State Minister of Jal Shakti Government of Uttar Pradesh
- Incumbent
- Assumed office 25 March 2022
- Minister: Swatantra Dev Singh
- Chief Minister: Yogi Adityanath

Member of 18th Uttar Pradesh Assembly
- Incumbent
- Assumed office 2022
- Preceded by: Brajesh Kumar Prajapati
- Constituency: Tindwari

Personal details
- Party: Bharatiya Janata Party
- Occupation: Politician

= Ramakesh Nishad =

Indian politician

Ramkesh Nishad is an Indian politician and a member of the 18th Uttar Pradesh Assembly for Uttar Pradesh, India.
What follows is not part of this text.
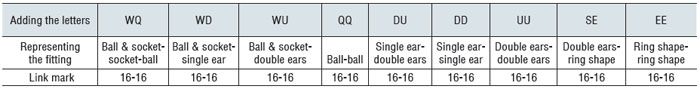 Table of end fitting type

He represents the Tindwari constituency of Uttar Pradesh.
He is a member of the Bharatiya Janata Party.

==Career==
Nishad, as a Bharatiya Janta Party candidate, won the 2022 Uttar Pradesh Legislative Assembly election, defeating Samajwadi Party candidate Brajesh Kumar Prajapati by a margin of 28,425 votes.

On 25 March 2022, the Chief Minister of Uttar Pradesh, Yogi Adityanath and former minister of Jal Shakti Dinesh Khatik, appointed Nishad as the State Minister of Jal Shakti in the Uttar Pradesh government.